Food jokes
If the broccoli said, "I look like a tree," then what did the mushroom say?
"I look like an umbrella."
What's a lesbian's favorite type of food?
Finger-food.
What body part do pigs have that humans don’t have?
A hambone.
A bear walks into a bar and asks the barkeep, "Can I have a grilled . . . cheese?"
The barkeep asks the bear, "What's with the big pause?" The bear says, "Well, I'm a bear."
Why did little Billy drop his ice cream?
He was hit by an ice cream truck.
Pineapple goes on pizza.
Went to my local Indian restaurant and asked the waiter for a chicken tarka Masala.
The waiter said, "What's that?"
I said, "It's the same as a tikka, just a little otter."
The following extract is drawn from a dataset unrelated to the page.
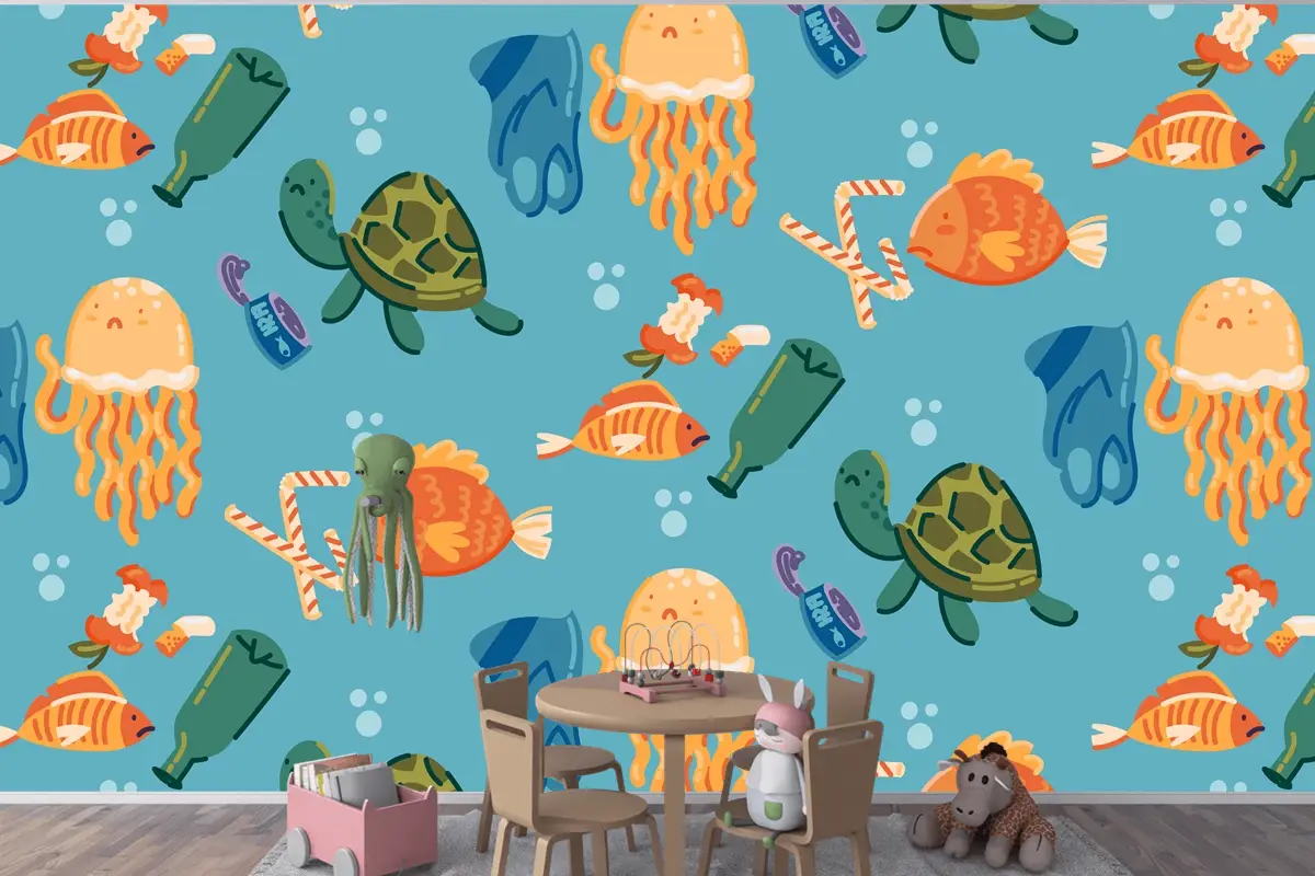 Elle Çizilmiş Okyanusları Kurtar Desen Çocuk Odası Duvar Kağıdı

What did the pizzas say to the pizza maker?
CHEESE-US!
What does the cannibal eat who comes late for dinner?
The cold shoulder.
What do skeletons say before they eat?
Bone appétit. ( ͡° ͜ʖ ͡°)
What is a spaceman’s favorite chocolate?
A Mars bar!
What did the banana say to the peel?
“Let’s split!”
Dad, there was one day I was playing jump rope with a pig, and then I made pulled pork out of him.
Son, he is dinner.
Have you ever had Ethiopian food??
Neither have they.
What do you call a band made of cheese?
Grate That!
A man and a cow walk into a McDonalds, and the man walks up to the front counter and says, “I’d like one beef burger.” The employee of McDonalds said, “Sure thing sir, also I really like to see your cow, may I bring him into the back room really quick to show my co-workers?” The man says, “Sure.” The employee takes the cow into the back room. A couple minutes later, the employee came back with his burger. The man took a bite of it, and realized his cow was gone.
You don't need a license to drive a sandwich.
What’s the hardest part of a veggie to eat?
The wheelchair.
What's the hardest part when making skimmed milk?
Throwing the cow across the lake.
A doctor is telling three women what they are addicted to.
He says to the first one, "You are addicted to money, you named your daughter Penny."
He says to the second one, "You are addicted to food, you named your daughter Candy."
Then the third one whispers to her son, "Come on, Dick, let's go."